## WORK TASK
With the pictures left out, retype exactly the lines below starting at the line that contains "The painting is" and ending at the line that contains "4、货灵鸟司机端app帮助司".

## PROVIDED MATERIAL
____

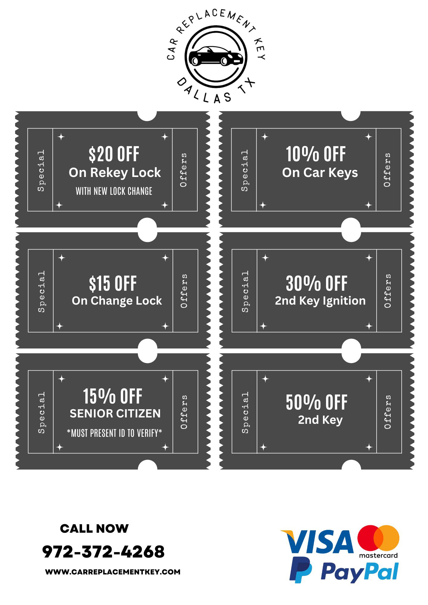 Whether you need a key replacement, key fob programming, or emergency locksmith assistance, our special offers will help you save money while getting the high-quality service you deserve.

____

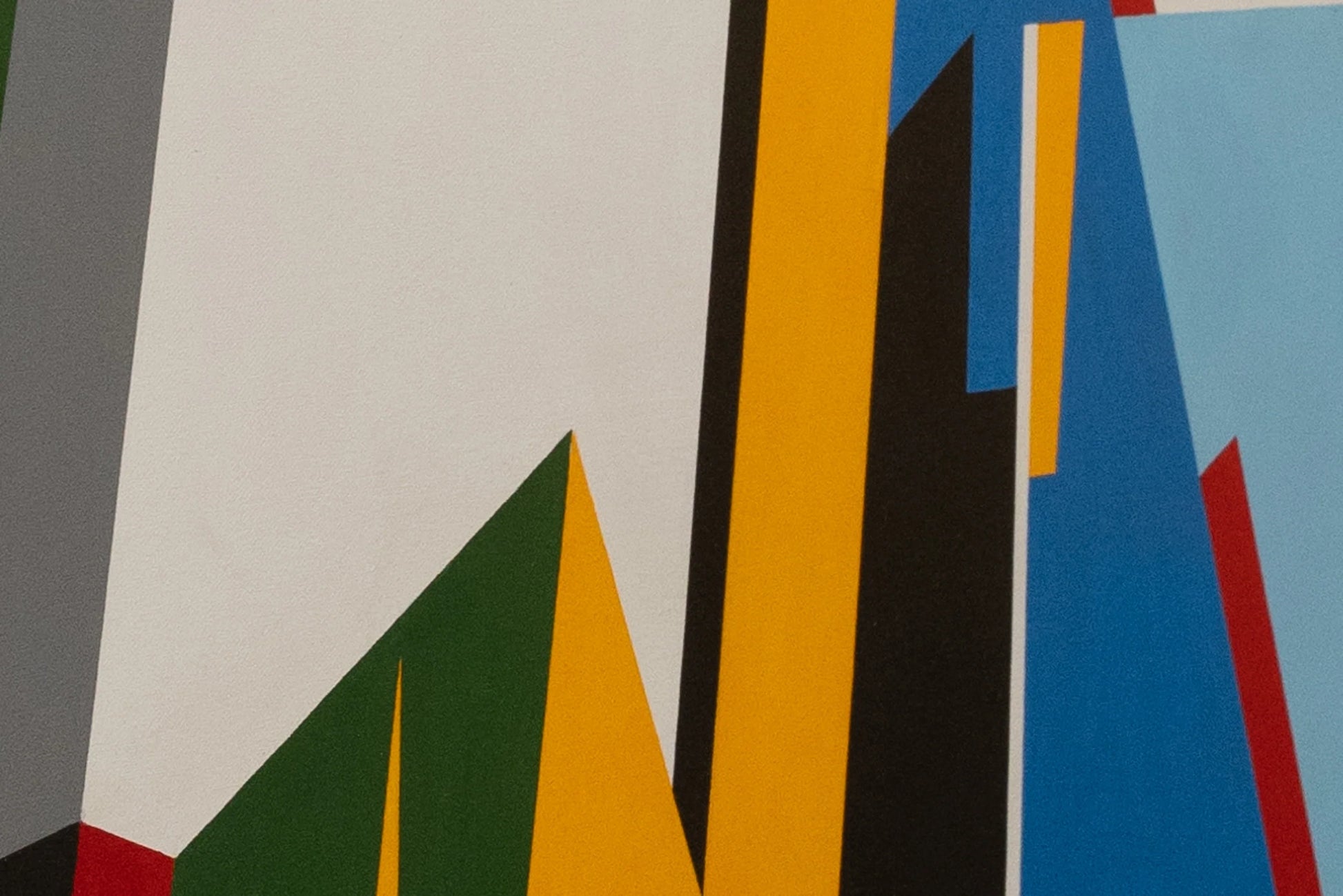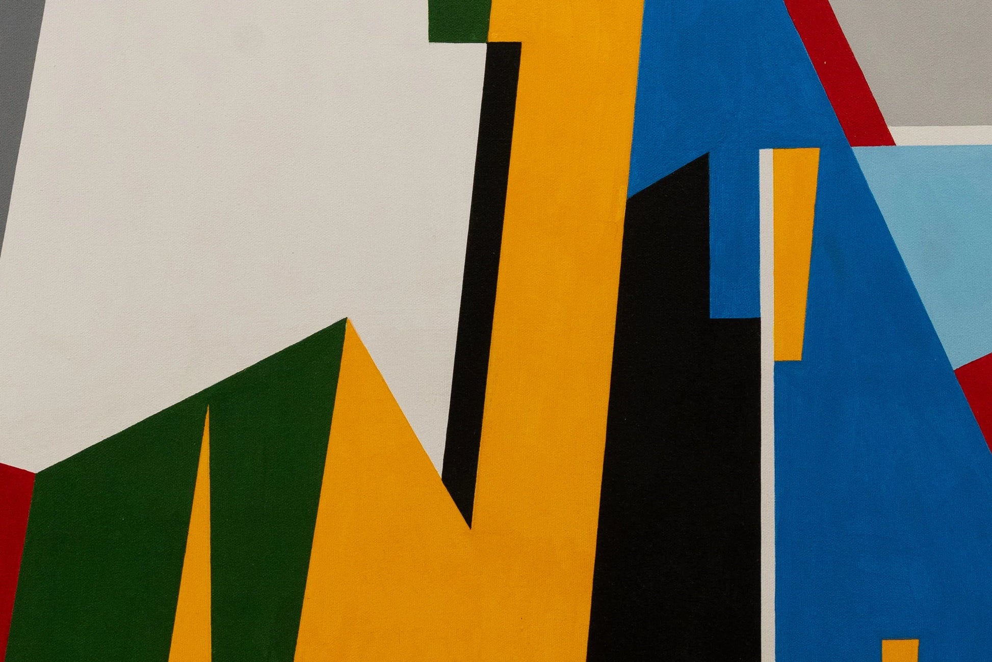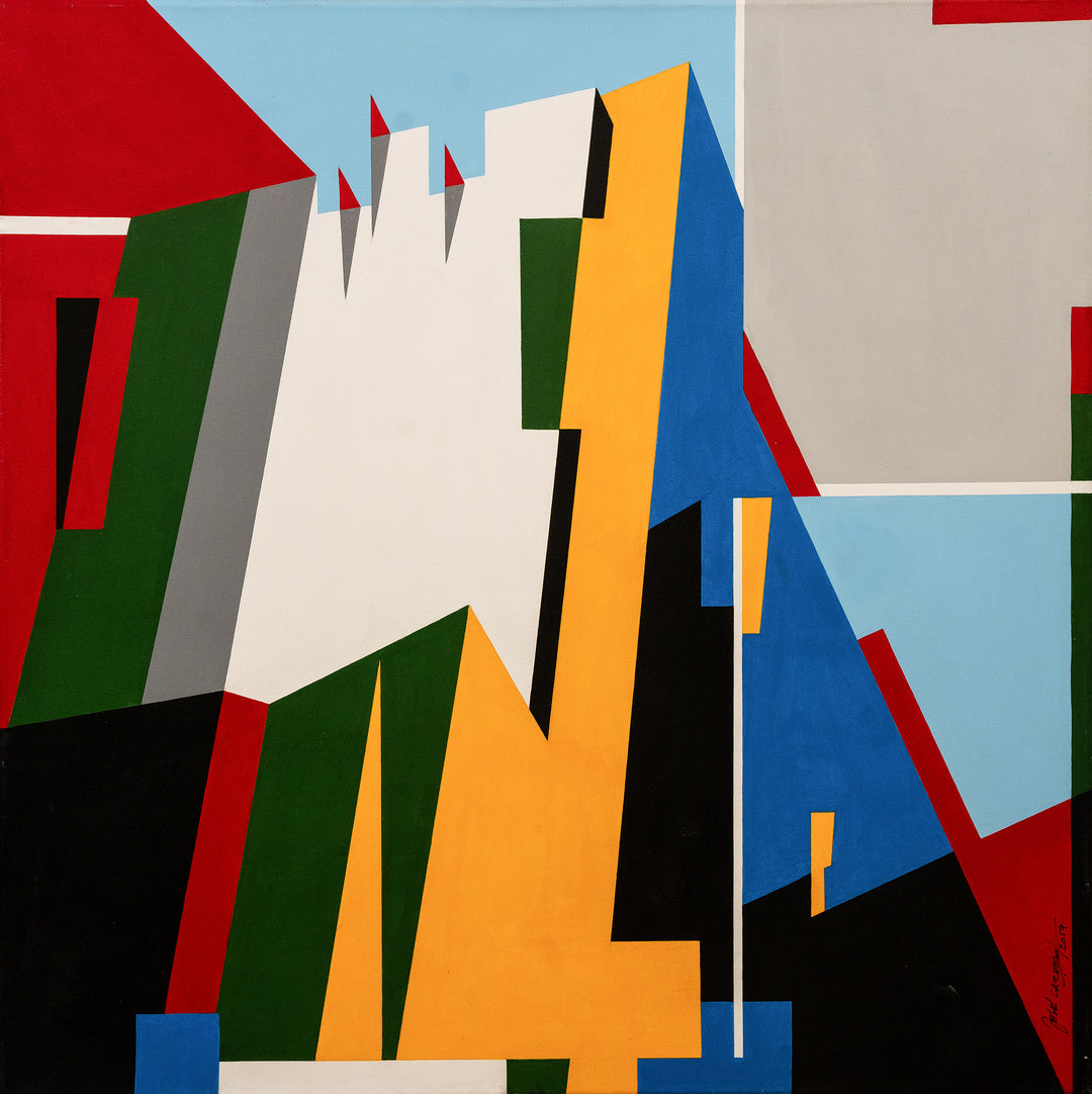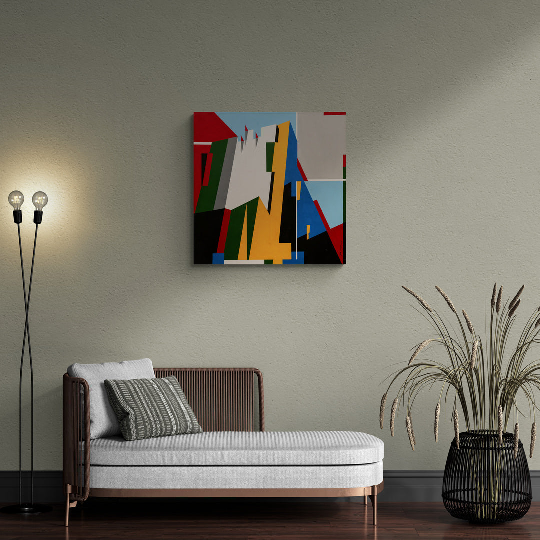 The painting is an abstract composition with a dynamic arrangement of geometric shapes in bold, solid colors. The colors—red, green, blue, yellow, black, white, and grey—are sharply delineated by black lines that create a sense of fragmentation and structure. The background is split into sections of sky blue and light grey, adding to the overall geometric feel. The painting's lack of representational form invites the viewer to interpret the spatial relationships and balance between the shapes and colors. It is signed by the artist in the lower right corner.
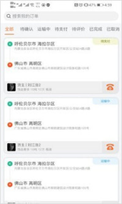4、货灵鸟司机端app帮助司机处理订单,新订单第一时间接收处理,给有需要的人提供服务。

____

## THE ANSWER
 The painting is an abstract composition with a dynamic arrangement of geometric shapes in bold, solid colors. The colors—red, green, blue, yellow, black, white, and grey—are sharply delineated by black lines that create a sense of fragmentation and structure. The background is split into sections of sky blue and light grey, adding to the overall geometric feel. The painting's lack of representational form invites the viewer to interpret the spatial relationships and balance between the shapes and colors. It is signed by the artist in the lower right corner.
4、货灵鸟司机端app帮助司机处理订单,新订单第一时间接收处理,给有需要的人提供服务。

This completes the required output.